◆ **Problem to work on**:
An exact reproduction of all the data is needed, with no images in it.

◆ **Dataset extract**:
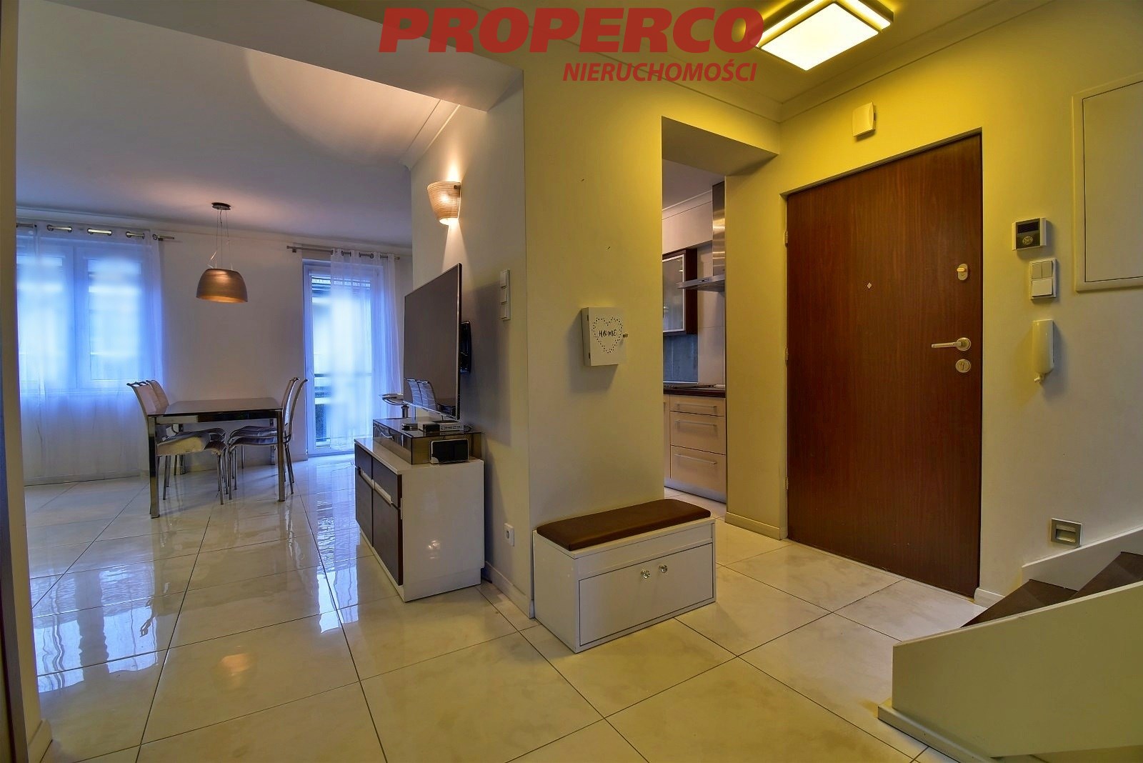 For sale a fully furnished, two-level apartment with an area of 94.5 m2 located on the 1st and 2nd floors of a 2-storey building from 2012, situated in a quiet, gated estate of terraced apartments at Chodkiewicza Street in Kielce.
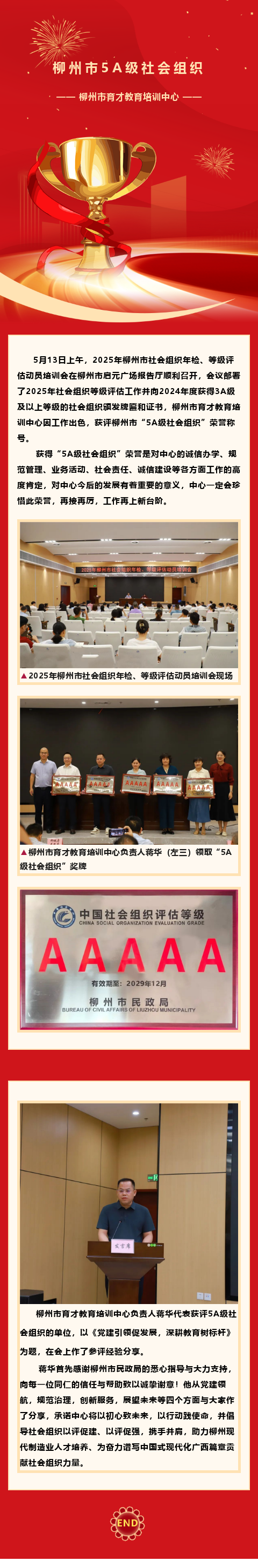 培訓(xùn)中心獲評(píng)柳州市“5A級(jí)社會(huì)組織”榮譽(yù)稱(chēng)號(hào)
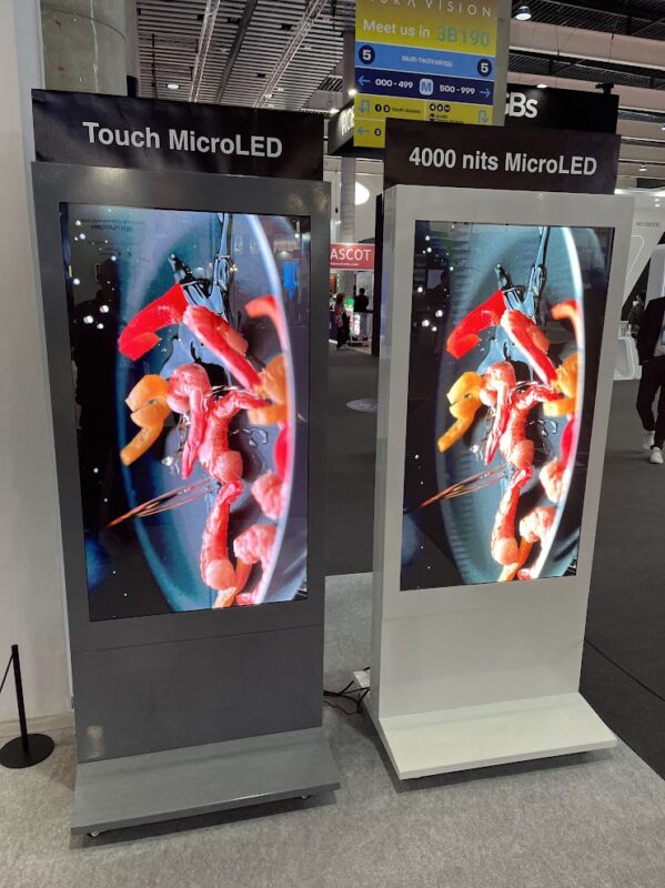 What stopped me was a pair of display totems that were positioned as prototypes for using microLED for use cases like advertising.
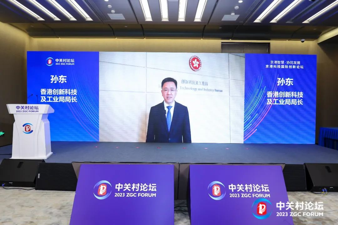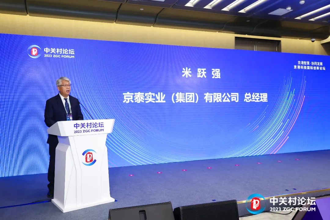 北京市科委、中关村管委会副主任张宇蕾女士、香港创新科技及工业局局长孙东先生、香港贸易开展局中国内地总代表钟永喜先生、京泰实业集团总经理米跃强先生出席活动并致辞。

◆ **Exercise output**:
 For sale a fully furnished, two-level apartment with an area of 94.5 m2 located on the 1st and 2nd floors of a 2-storey building from 2012, situated in a quiet, gated estate of terraced apartments at Chodkiewicza Street in Kielce.
 培訓(xùn)中心獲評(píng)柳州市“5A級(jí)社會(huì)組織”榮譽(yù)稱(chēng)號(hào)
 What stopped me was a pair of display totems that were positioned as prototypes for using microLED for use cases like advertising.
 北京市科委、中关村管委会副主任张宇蕾女士、香港创新科技及工业局局长孙东先生、香港贸易开展局中国内地总代表钟永喜先生、京泰实业集团总经理米跃强先生出席活动并致辞。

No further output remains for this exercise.